[As you’ve no doubt noticed, I haven’t been around for the last few shows. Well here I am & ready for some addicting, horrible, scripted E! TV reality…]
A lot has happened in my absence, well as much as can happen on this show. Nattie & TJ have a weird ass marriage but they both know for certain – they love their cats. Trinity became all shady by getting a birth control implant that lasts 3 years, without talking to her husband about it. John Cena & Daniel Bryan still remain the sane ones on the show while the Bellas are showing how different they are every week. Oh and Summer Rae is a manipulative slut.
– OK… my husband’s painting is better than that thing. That reaction is the exact reason why I don’t paint things for other people. And I have a masters in fine art.
– Ariane is stalking the paparazzi… WOW. I think she has that backwards.
– The WWE wants to combine Eva Marie & Summer Rae’s “star-power”? That just means they don’t have any star-power of their own.
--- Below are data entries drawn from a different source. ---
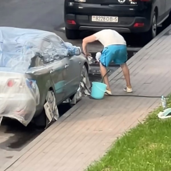 Белорус решил покрасить автомобиль прямо во дворе — это засняли на видео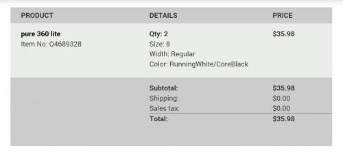 당시 아디다스 공홈 기본 20% 적용하구요. 쿠폰 20% + 쿠폰 25% 해서 한 컬레당 18달러 안되게 구입했습니다 ㅋ 36달러정도에 2컬레면 괜찮은 딜이죠? ㅎㅎ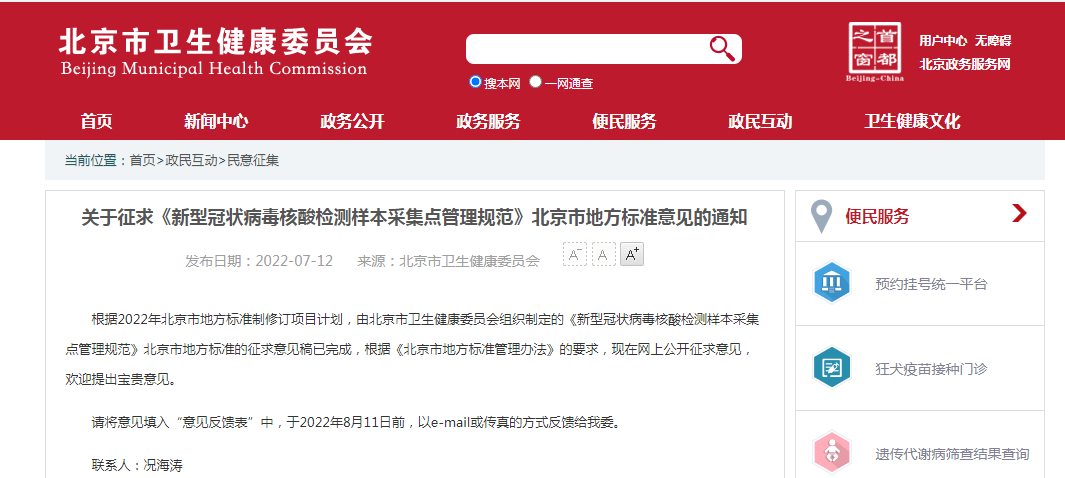 日前,據(jù)北京市市場監(jiān)督管理局網(wǎng)站消息,北京市衛(wèi)生健康委員會組織制定的《新型冠狀病毒核酸檢測樣本采集點管理規(guī)范》,說明了新型冠狀病毒核酸檢測樣本采集點的基本要求、采集點設(shè)置、設(shè)施設(shè)備及物品、人員要求、樣本采集、樣本保存及運(yùn)輸、醫(yī)療廢棄物處理、環(huán)境消殺等多方面做出要求,指導(dǎo)北京的核酸采樣管理。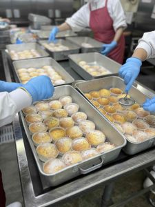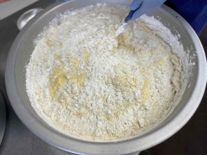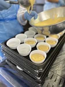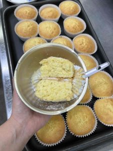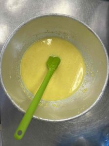 今日は生地に生クリームも使っています。途中生地がダマになり心配しましたが、最後は大丈夫でした。練習と本番は作る量が違うので、やはりドキドキします。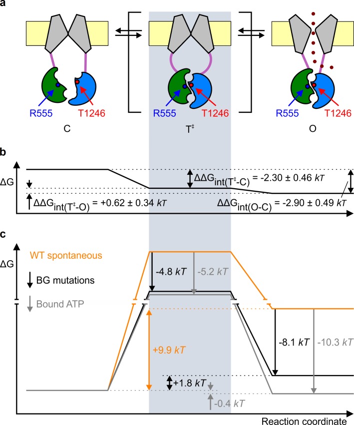 Figure 3. Mechanism of spontaneous pore openings, and energetic effects of bound ATP and gain-of-function mutations.(a) Cartoon representation of domain organization in closed (C), transition (T‡), and open (O) states, during spontaneous gating. Color coding as in Figure 1b, blue and red circles identify target positions. (b) Changes in energetic coupling between the target positions associated with spontaneous gating in the background construct. (c) Free energy profiles of gating for WT (orange line) and P355A-K978C (black line) CFTR in the absence of ATP, and of hydrolysis-deficient K1250R CFTR in saturating ATP (gray line) (Vergani et al., 2005). Black and gray downward arrows illustrate the energetic effects of the background double mutation and of the presence of ATP bound in both composite sites.DOI: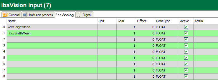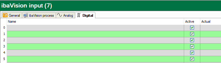 The signal mapping can be checked in the Analog and Digital tabs. The signals configured in the ibaPDA output module in ibaVision are listed here. No further action is necessary.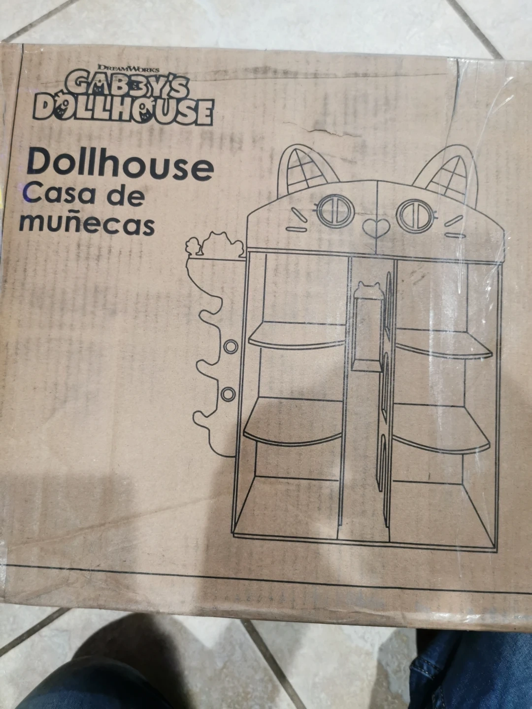 DreamWorks Gabby's Dollhouse toy set. Features a multi-level playhouse with colourful rooms and accessories. Includes the main dollhouse structure and some accessories. Suitable for imaginative play.

The WWE needs both of them to equal one Diva’s star-power. That’s bad.
– There really is nothing to like about Summer Rae. Who would have thought that there’d be someone to make Eva Marie look more appealing? Maybe that’s why Summer was cast.
– If Ariane really wants the paparazzi I have two words – sex tape.
– And enter Ray J. Perfect choice.
– Nattie doesn’t want anyone to steal her portrait of Daniel Bryan & Brie Bella… that’d be one disappointed thief.
– Daniel Bryan about the painting: “My nose looks like testicles. I have a sack of balls on my face.”
– Trinity felt her “eye pushed back in the socket” and yet was able to finish that match with a split-legged moonsault. She’s definitely the best wrestler on the cast, it’s too bad she got injured so badly.